How the Orange County School Board plans to address school safety

School safety report presented, following memorial for Parkland victims

ORLANDO, Fla. – The Orange County School Board meeting Tuesday night will open up with memorial for the 17 victims killed in the shooting at Marjory Stoneman Douglas High School on Feb. 14. Following the memorial, the school board will nail down details of the district's strategic school security plan. 

"We were due for one on security," said Scott Howat, chief communications officer for Orange County Public Schools. "This was moved up, obviously, to give a high-level overview and talk about some of those things we are doing."

Orange County School Board members open the Feb. 27, 2018 meeting with a memorial to the 17 Parkland school shooting victims.

Howat said the security plan is a continuation of efforts put forth by the district following the Sandy Hook school shooting in 2012. In 2014, the district hired a school safety consulting firm, which conducted a districtwide safety, security and emergency management assessment.
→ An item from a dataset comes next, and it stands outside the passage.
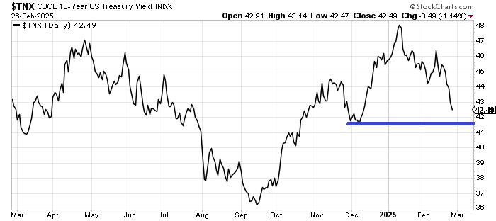 But that brings us to the bonds. All of a sudden—anecdotally—I can’t find a bear on bonds. In the short term, we are closing in on the December low in rates, and with an inflation reading coming out on Friday, I’d be inclined to look for a bounce in rates.

In response, several changes were were made on overall emergency preparedness and security profile.

District records show that in 2015, the district created its own police force, which acts as a liaison between several partnering law enforcement agencies, including Orlando police, the Orange County Sheriff's Office, Maitland police and Apopka police.

that is one of several topics Howat said will be discussed at Tuesday's school board meeting. 

"I think we will talk about the agencies we collaborate with," Howat said. "They are going to talk about the high-level side of just hardening facilities and (the) general idea of what that is and what the cost associated with that will be." 

He said hardening the district's 191 school campuses, from adding more fencing to video monitoring,  is a pivatol part of the discussion tonight.

"That's the focal point for us -- to make sure that there is a secured single point of entry at all of our schools," Howat said.

The district's plan will require more school resource officers, or SROs. The plan Gov. Rick Scott announced last week included having one SRO per 1,000 students.

Right now, Howat said, on average, Orange County has one SRO per four elementary schools, one for every middle school and one for every high school. To meet Scott's requirement of one officer per 1,000 students OCPS would need to hire 107 SROs, which would cost $4.5 million.

"At one per 1,000 and, if you are assuming that every school under 1,000 would get at least one,  then you are talking about a large increase of law enforcement individuals into those schools," said Howat. "Our concern is, obviously, the funding piece. It could cost in excess of $4 million to get those ratios to that level."